Eşcinsel Eğilimleri Var Diye...


Haberleri seçerken tüm ajansları, tüm haber sitelerini, tüm gazete manşetlerini doğal olarak tarıyoruz. Çünkü sizlerin en doğru habere en hızı şekilde ulaşmanız için çalışıyoruz…

Eskiden gazeteciler toplumun 24 saat önündeydi. Bu nedenle de sürekli bir yarış vardı meslekdaşlar arasında… Yine en doğruya ulaşmak için…

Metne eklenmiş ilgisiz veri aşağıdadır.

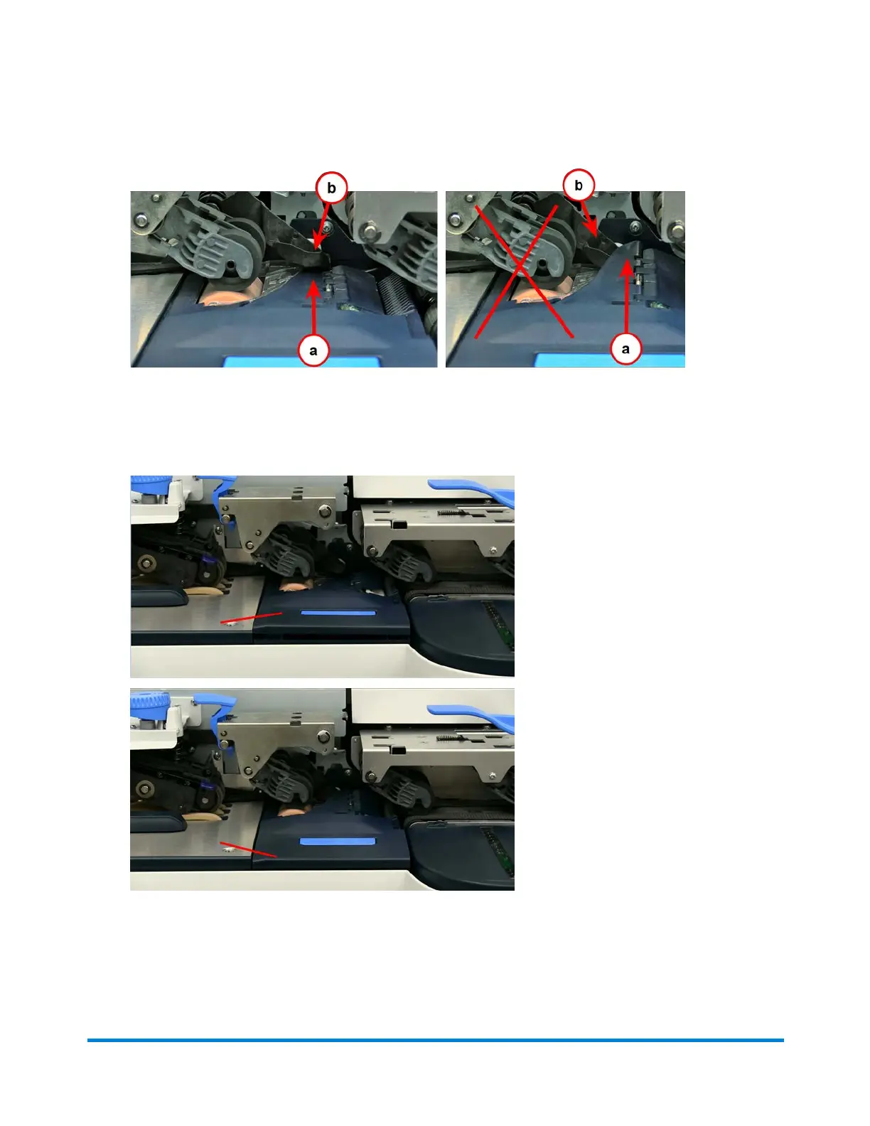 (a) Stripper on moistener pad assembly must be under the (b) mail hold down assembly
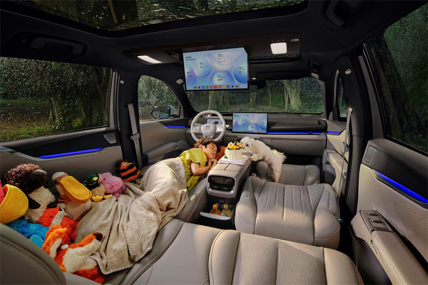 全系标配伊姆斯零重力躺椅与一键成床功能,前排座椅加热、通风、按摩,后排座椅115°-125°电动调节及加热、通风,配合方向盘加热、电动尾门、50W无线充电、20扬声器音响、多色氛围灯。
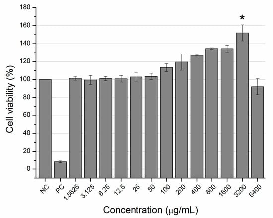 Cytotoxicity analysis after 24 h of exposure to the aqueous extract of C. leptophloeos bark revealed that none of the tested concentrations induced cytotoxicity in murine fibroblast cells (L929 cell line), as no significant reduction in cell viability was observed in the MTT assay. However, the 3200 μg/mL concentration statistically increased the cell viability, reaching 177.30% compared to the control (Figure 3).

Eskiden haber kovalamak, sonrasında gazeteye gelip heyecanla kovaladığımız haberi yazmak dünyanın en muhteşem olayıydı benim için…

Akşam eve hiç gitmek istemezdim. Haber merkezi mabetti benim için… 

Sabah yine aynı heyecanla uyanır, gazetecilik aşkı içimde fırtına olurdu. Kendimi görev yaptığım bölgeye zor atardım. Tekrar aynı heyecanı duyarak koştururdum o haberden, bu habere…

Ama şimdi inanın içimden hiç bir şey gelmiyor. Bir robot gibi kopyala, yapıştır haberciliği yapıyoruz. Yine en hızlıya ulaşmak için…

Kısacası o zamanlar herşey çok daha doğaldı, daha güzeldi. Herşeyden önce insanlık vardı, toplumsal birliktelik vardı, şeref, haysiyet vardı, bir yarış vardı ama bu yarış bu kadar çirkin, bu kadar kirli değildi.

Eskiyi anlatmışken aklıma geldi, o zamanlar da yolsuzluk vardı, rüşvet vardı, adam kayırma vardı ama bu kadar ayan beyan yapılmıyordu yan cebe koymalar…

Kutu kutu karşımıza çıkmıyordu milyon dolarlar…

Namussuzluğun, kumpasların ses kayıtları bu kadar havada uçuşmuyordu o zamanlar.  Bu kadar çirkin ithamlar yapılmıyordu mesela, en azından hakarete varmıyordu liderlerin halka hitapları.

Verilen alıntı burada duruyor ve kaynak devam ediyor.